Prof. Dr. Hacıibrahimoğlu, hastaların genellikle sabah ameliyat olup, akşam taburcu edildiğini, bazı durumlarda ise bir gün hastanede kaldığını söyledi.

Ameliyat edilen bölgelerin artık terlemediğini ya da çok hafif nemlendiğini anlatan Hacıibrahimoğlu, eskisi gibi normalin üzerinde bir terlemenin görülmediğini ancak bazı durumlarda yan etkilerin oluştuğunu ifade etti.

Hacıibrahimoğlu, kimi vakalarda ameliyat edilen bölgeye karşılık terin vücudun başka yerinden atıldığını vurgulayarak, "Örneğin hastanın koltuk altı yerine belinde terleme görülür. Bu en çok bir kaç hafta sürer. Sonra normale döner. Ama on binde bir ameliyatta bu normale dönmez ve aşırı terleme başka bölgelere kayar. Onun için ameliyat yaptığımız yere titanyumdan klips koyuyoruz. Bu klips, iki hafta içinde terleyen bölgedeki sinirleri öldürüyor. Eğer yan etkiler devam eder ve hastanın ameliyat edilen bölgesindeki terleme vücudun başka bir yerinin aşırı terlemesine yol açarsa o klipsi alıp, sinirlerin ölümünü engelliyoruz" ifadelerini kullandı.

Hacıibrahimoğlu, terleme ameliyatı olan hastaların adeta yeniden hayata döndüğünü, daha sosyalleştiğini belirterek, "Öyle genç kızlar geliyor ki, 'Elim aşırı terlediği için nişanlımın elini tutamıyorum', ya da 'öyle kokuyorum ki, insanların yanında kendimi iyi hissetmiyorum' diyor. Mesela bir mimar geldi, 'elimin terlemesi nedeniyle artık çizim yapamıyorum.

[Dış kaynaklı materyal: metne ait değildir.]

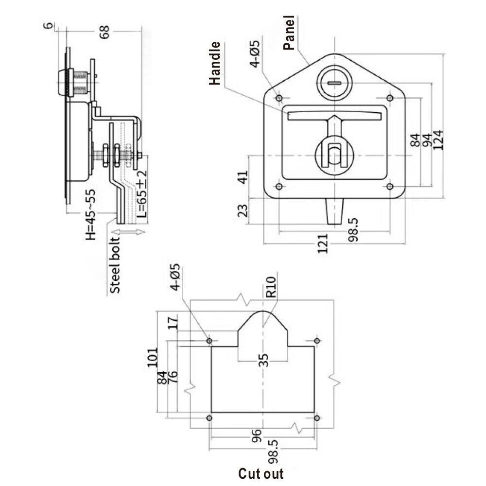 4-Piece T Handle Locks Tool Box With Keys Stainless Steel

Çizdiğim her şey ıslanıyor mahvoluyor' dedi. İşte bu hastalar için ameliyat bir kurtuluş oluyor" şeklinde konuştu.

Ameliyatların başarı oranlarına da değinen Hacıibrahimoğlu, koltuk altında başarı oranının yüzde 99, ellerde yüzde 95, ayaklarda ise yüzde 60 olduğunu belirtti.

Hacıibrahimoğlu, terleme sonucunda vücutta ortaya çıkan kötü kokunun, baharatlı yiyeceklerden ve insanların kişisel temizliğine özen göstermemesinden kaynaklandığına vurgu yaparak, aşırı kilolu olanların daha çok terlediği şeklindeki algının da yanlış olduğunu söyledi.

Terleme ameliyatlarında yaş sınırı olmadığını, yine de ergenliğin geçmesini beklediklerini dile getiren Hacıibrahimoğlu, "Şeker, tansiyon, kalp gibi kronik hastalığı olanlarda ise önce terlemenin bu rahatsızlıktan kaynaklanıp kaynaklanmadığını tespit ediyoruz. Terleme bu hastalıklardan kaynaklanmıyorsa ameliyat ediyoruz" dedi.

Hacıibrahimoğlu, ameliyat olmadan aşırı terleme sorunun çözülemeyeceğine dikkati çekerek, reklamları yapılan kozmetik ürünlerin soruna çare olmadığını ifade etti.